** Data extracts follows **
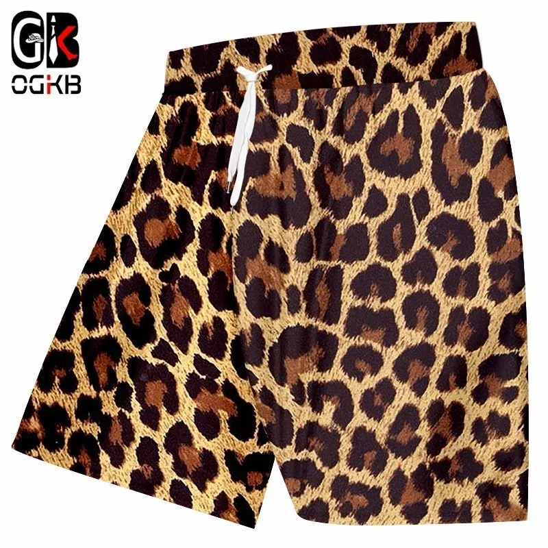 OGKB летние мужские пляжные шорты для серфинга с леопардовым принтом 3D повседневные свободные пляжные шорты унисекс
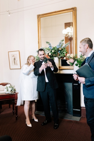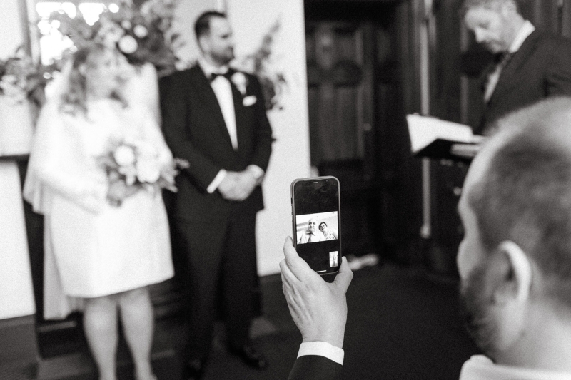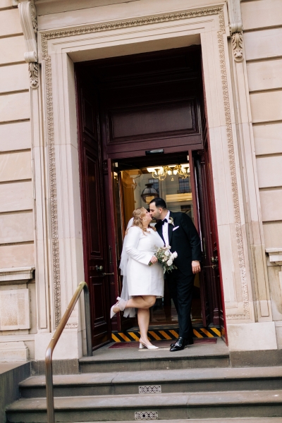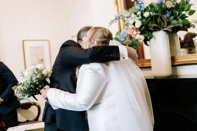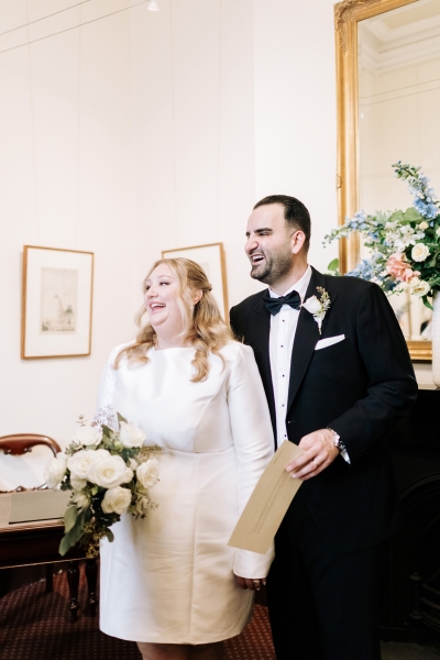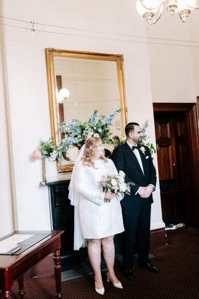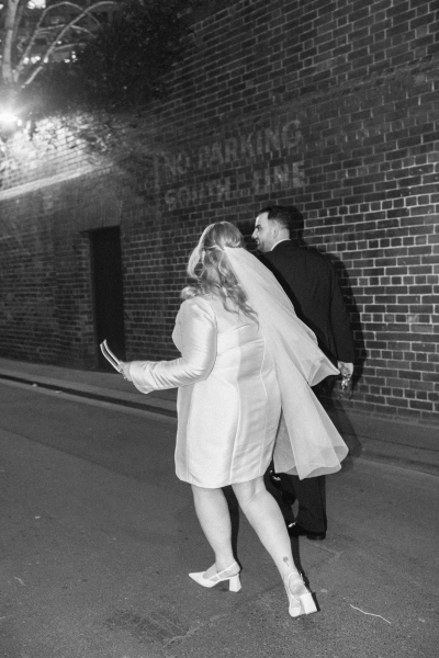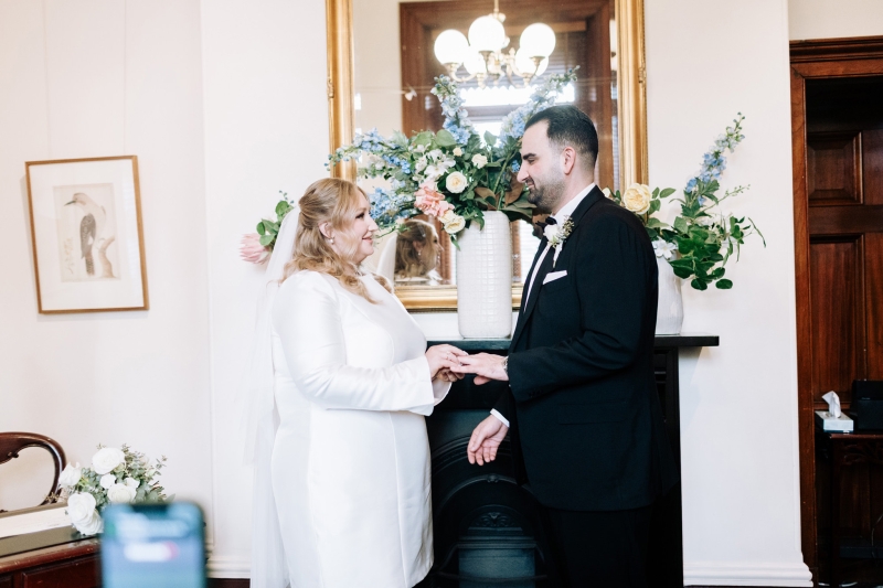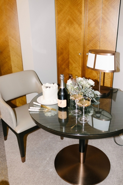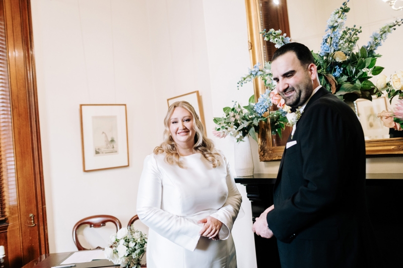 Their ceremony at the Victorian Marriage Registry was only a mere formality, opting for the standard vows and no readings. “I know this won’t be a popular opinion, but it’s how we felt. We knew the ceremony would only take around 15 minutes, so it was probably the least important part of the day for us. We were much more interested in taking beautiful photos, having a drink, eating a slice of pizza and enjoying champagne in our room. I will say that after our photographer finished, we read very long, personal vows to each other that we had prepared. It was just the two of us, crying in bed, recalling our loveliest memories and professing our deep love for each other over champagne and cake. It was kind of perfect!”
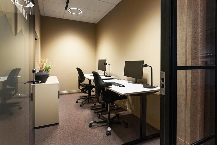 Lokalen har moderna kontorsrum och mötesrum. Lokalen har ljusa toner samt fint ljusinsläpp från stora fönsterpartier.
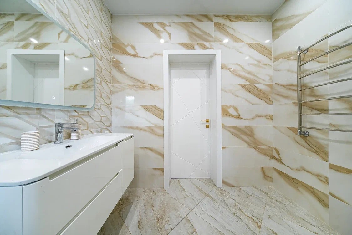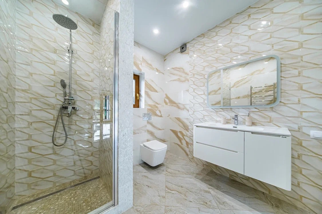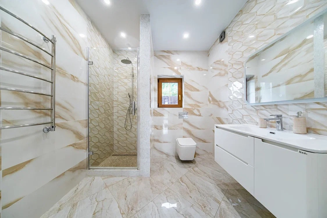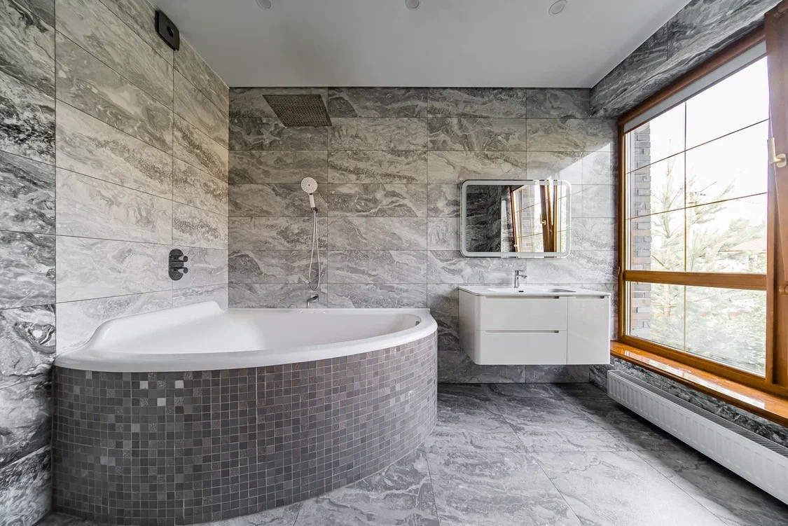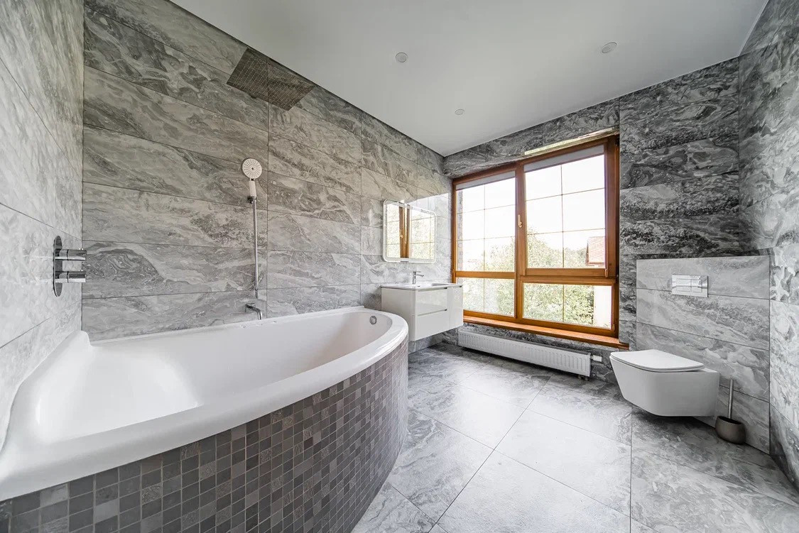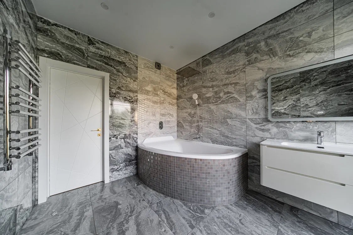 -С/у с ванной из мрамора, встроенный тропический душ
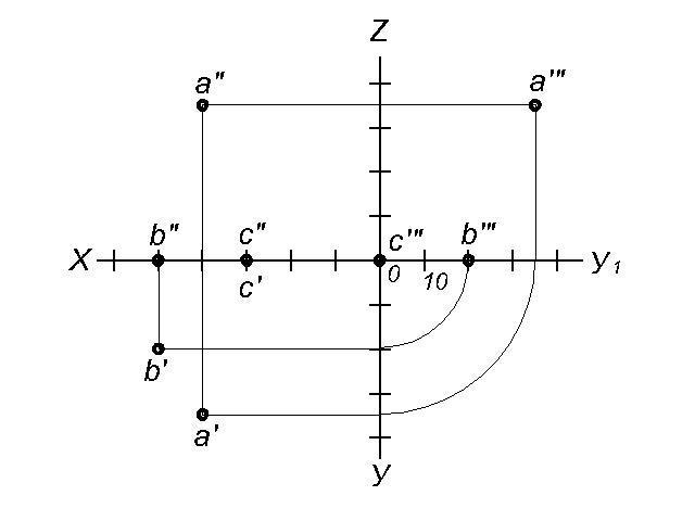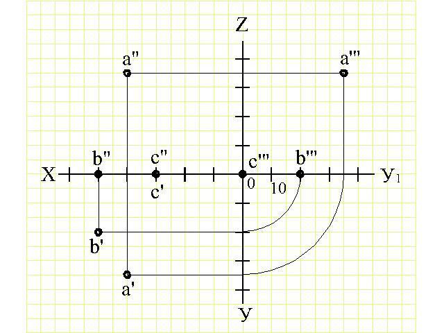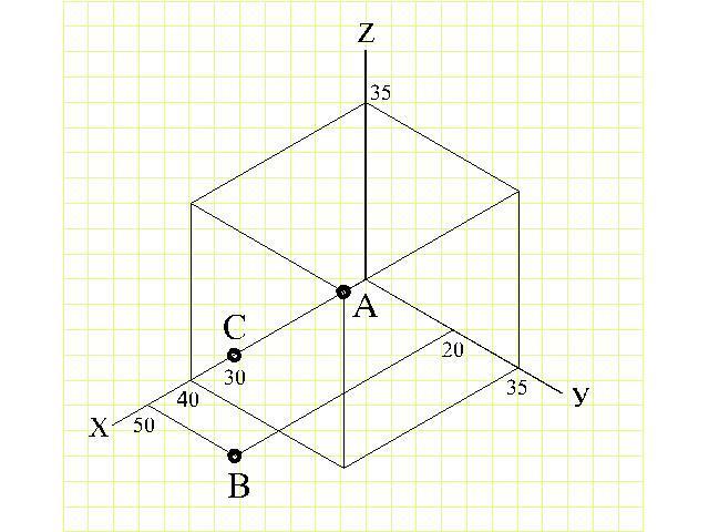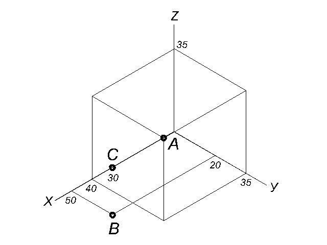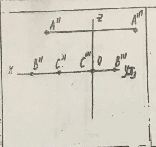 По двум заданным проекциям трех точек а в и с построить их 3 проекцию.Построить наглядное изоображение точек.
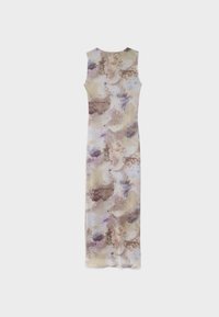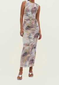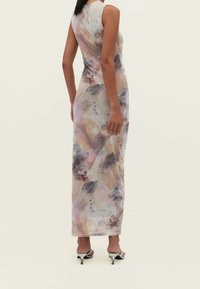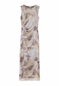 Robe maxi en tissu léger, présentant un motif abstrait multicolore dans des tons pastel, coupe ajustée et sans manches.
** End of Data extracts **
An unchanged copy of the listing, with no pictures, should be returned.

 OGKB летние мужские пляжные шорты для серфинга с леопардовым принтом 3D повседневные свободные пляжные шорты унисекс
 Their ceremony at the Victorian Marriage Registry was only a mere formality, opting for the standard vows and no readings. “I know this won’t be a popular opinion, but it’s how we felt. We knew the ceremony would only take around 15 minutes, so it was probably the least important part of the day for us. We were much more interested in taking beautiful photos, having a drink, eating a slice of pizza and enjoying champagne in our room. I will say that after our photographer finished, we read very long, personal vows to each other that we had prepared. It was just the two of us, crying in bed, recalling our loveliest memories and professing our deep love for each other over champagne and cake. It was kind of perfect!”
 Lokalen har moderna kontorsrum och mötesrum. Lokalen har ljusa toner samt fint ljusinsläpp från stora fönsterpartier.
 -С/у с ванной из мрамора, встроенный тропический душ
 По двум заданным проекциям трех точек а в и с построить их 3 проекцию.Построить наглядное изоображение точек.
 Robe maxi en tissu léger, présentant un motif abstrait multicolore dans des tons pastel, coupe ajustée et sans manches.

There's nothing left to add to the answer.